The User Datagram Protocol (UDP) is one of the core Internet protocols. It is a layer 4 protocol (Transport layer of the OSI model) within the Internet protocol suite. It provides a mechanism to identify different endpoints on a single host by means of ports. UDP doesn't have the handshake overhead of TCP to establish connections, and does not have features like flow control and reliability like TCP. UDP deals with single packet delivery, provided by the underlying IP.

As a stateless protocol it is often used in such applications where data must arrive quickly, and data that arrives late is worthless.

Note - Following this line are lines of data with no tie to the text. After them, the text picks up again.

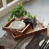 - These beautiful rustic trays are made of mango wood with bark edges. Trays have two sturdy support handles one at each side.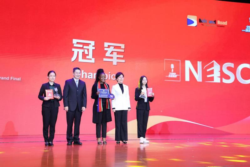 曲莹璞(左二)、徐缨(右二)为获得第六届“一带一路”青少年英语演讲比赛全球总决赛暨第二十九届“21世纪杯”全国英语演讲比赛总决赛(大学组和青年组)冠军颁奖。中国日报记者王敬 摄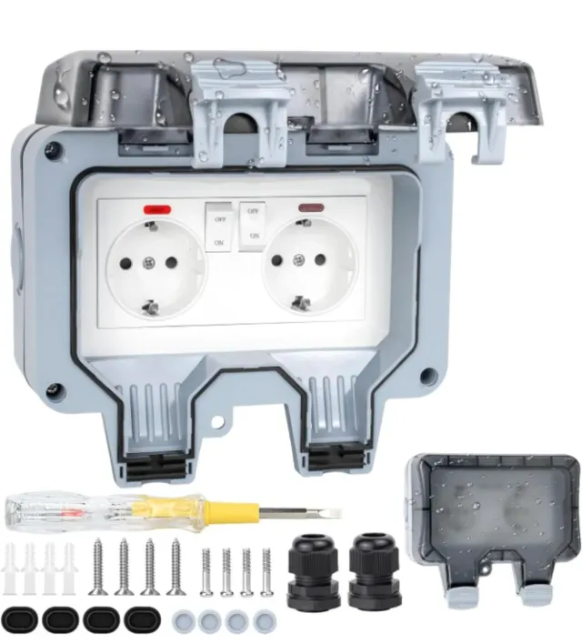 Detalles del productoCaja de enchufe doble para exterior con protección contra el agua. Incluye accesorios para su instalación.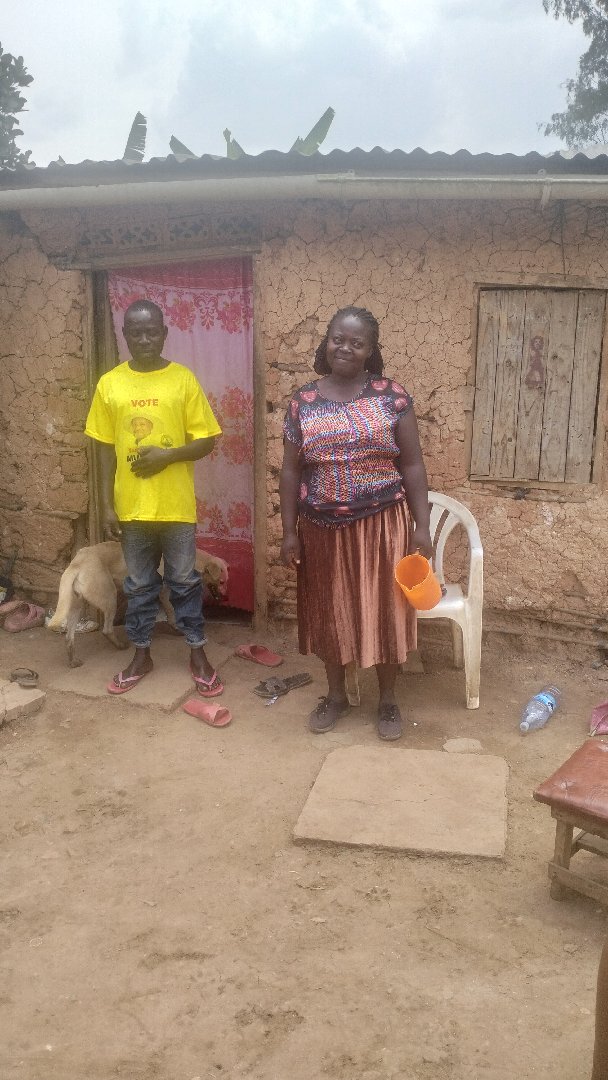 she has a family of three children and her husband drives someone's boda boda. where by his income is low which makes it difficult to support his family with school fees, medical, housing, basic needs.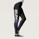 These black sports leggings feature a white typography "RUN" slogan with blue and purple ombré block stripes which run down the length of each leg. The simple and trendy design is perfect for the gym, yoga, dance and general keep fit activities and will also add a touch of glam to your workout. Matching items are available so please view below for more details.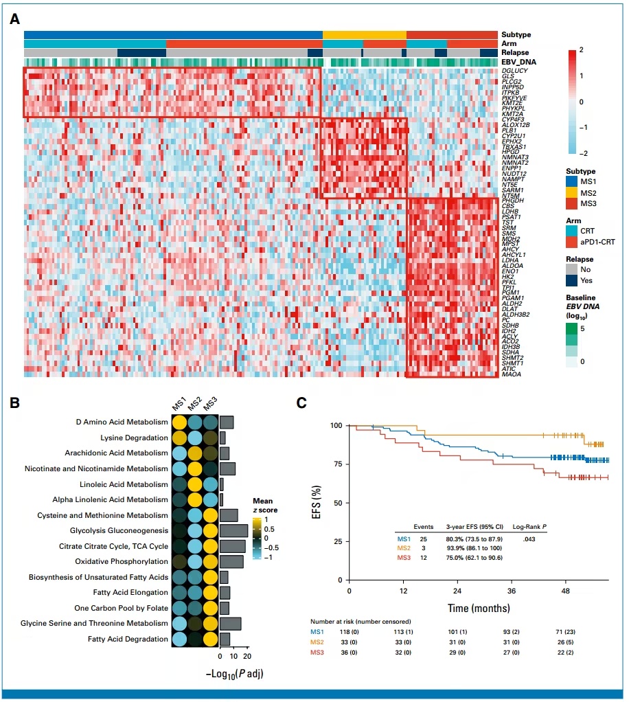 在该研究中,三种代谢亚型被鉴定为具有不同的肿瘤固有和免疫特征,以及在放化疗(CRT)中加入抗PD-1的不同EFS获益。具体来说,与CRT单独治疗组相比,MS1亚型在抗PD-1+CRT治疗组的3年EFS有显著改善,而MS2和MS3亚型没有获得显著的生存益处。亚型特征保留在验证队列中,具有一致的预后和预测价值。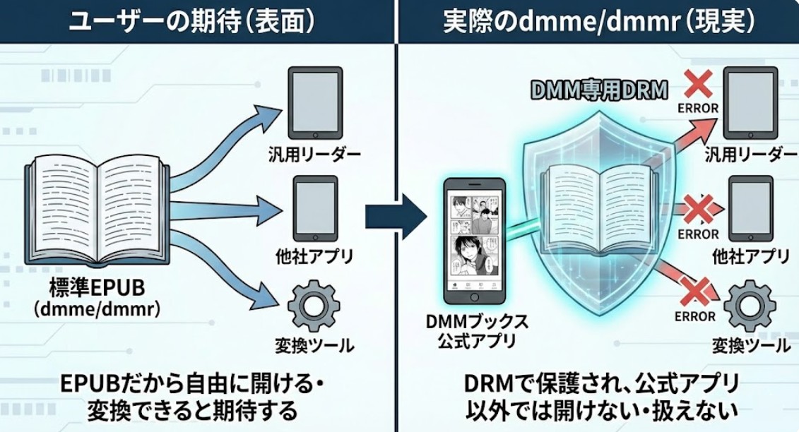 dmmeとdmmrはいずれもEPUBをベースにした配信形式ですが、DMMブックス向けにDRMが適用された状態で提供されます。そのため、一般的な電子書籍ストアで配布されるEPUBのように、汎用リーダーや他社アプリで自由に開いて読めるわけではありません。

The benefit of this smaller feature set is quicker data transmittal, and lower total overhead, hence its common usage is for real time applications like videoconferencing, online gaming, voice over IP and other streaming media.

UDP packets (also known as datagrams) contain, in addition to the lower level headers, a UDP header, which consists of a checksum, the packet length, plus source, and destination ports.

In special circumstances, UDP, combined with application-level connection and reliability management, provides one useful advantage over TCP: the ability to hold connections to thousands of users at once, unrestricted by limitations on TCP hard-coded into an operating system's often proprietary kernel.

As with TCP, UDP ports are 16-bit entities, so that a maximum of 65535 different endpoints are possible within a single IP address.